THE PAST IS a funny place, so far away and yet always there, waiting to trip you up with its memories and regret.
I can still smell the fresh paint of the ship’s railings when I made the long sea crossing from Ireland. I can still taste the salt of my tears on my lips as I walked up and down the deck, trying to soothe Cora and find the cause of her shrill little cries. I’d never needed my mammy more; never felt, more keenly, the gap left behind by her death during my infancy.
I can still hear the panic in my voice as I asked a woman with older children what she thought might be wrong with my child. She told me it was probably wind and showed me how to put the infant over my shoulder and rub her back, but Cora still bawled and mewled as if she knew something was terribly wrong, and wouldn’t stop crying until I set it right.
I remember how some of the passengers cheered when New York first loomed through the fog, but for me the sight of Lady Liberty only left a hollow ache in my heart. When I’d boarded the boat in Cobh, I thought I’d known the worst day of my life, but stepping off it was far worse. The distance I’d traveled from Ireland was emphasized by every unfamiliar accent and noise and smell. The truth of what I’d done struck me like a punch in the chest so that I could barely breathe as I walked off that ship. My guilt has walked beside me ever since.
But Cora and I found a way. I was far from the perfect mother, but I did my best for her. With Da willing to help out in any way he could, and even old Boots taking his turn at playing nanny, we somehow muddled through. When Da and Boots passed away, I didn’t look for anyone to replace them. I didn’t need anyone else, fiercely protecting the little unit of two Cora and I had become.
But the echo from Ireland has always haunted me.
As the long nights on watch were washed away by rosy clouds, the first thing I saw each morning was Cora’s sweet little face, cheeks as pink as summer roses, hair falling across her pillow, like a mermaid underwater. I imagine her now, living in some underwater world, the reflection from the moon silvering her hair.
I might not be needed here like I once was, but I still come to the lighthouse, like a moth drawn to a flame, flitting about through the small hours of the night, moving things that don’t need moving, wiping surfaces that don’t need wiping, finding ways to remember her and to keep myself busy. The alternative—to sit idle and invite in difficult memories—is too frightening.
The skies darken early, the small room at the bottom of the lighthouse cast into shadow by the gathering clouds. I pause at the picture of Ida Lewis as I walk to the kitchen to make coffee. Her image has faded over the years, erased by the sun and the passage of time. She’s been a sort of guardian to me, someone I’ve always looked up to. Ida was a true American heroine, her life was noble and proud. Mine is a fabrication, stitched poorly together between Ireland and America, and it is starting to unravel and fray.
I make coffee and sit by the window, watching the shifting tint and tone of the sky, letting my thoughts drift back across the years, the salt-tang of the ocean filling my nostrils as I breathe in deep. I see her in everything: in sunlight and shadow, in the white tips of the waves and the lingering strands of the sea fogs.
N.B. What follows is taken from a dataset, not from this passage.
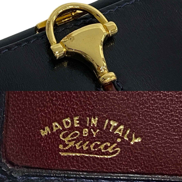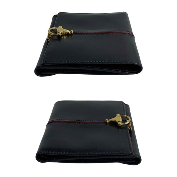 GUCCI Old Gucci Horsebit Leather Bifold Mini Wallet Navy 43922

For so long, Cora was my reason to wake up in the morning. Cora, and the light. The darkness of her absence is unbearable.
Matilda is my purpose now, for as long as she chooses to stay here. I am curious to know her, enjoy the little clues I pick up as we spend time together. I know that she likes to sing along to the wireless and that she likes the scent of lavender and beach roses. I know that she enjoys cycling and collecting shells from the beach which she keeps in a trinket box beside her bed.
I know these simple little things about her that make a person unique.
Simple little things I should have always known about her, if things had been different.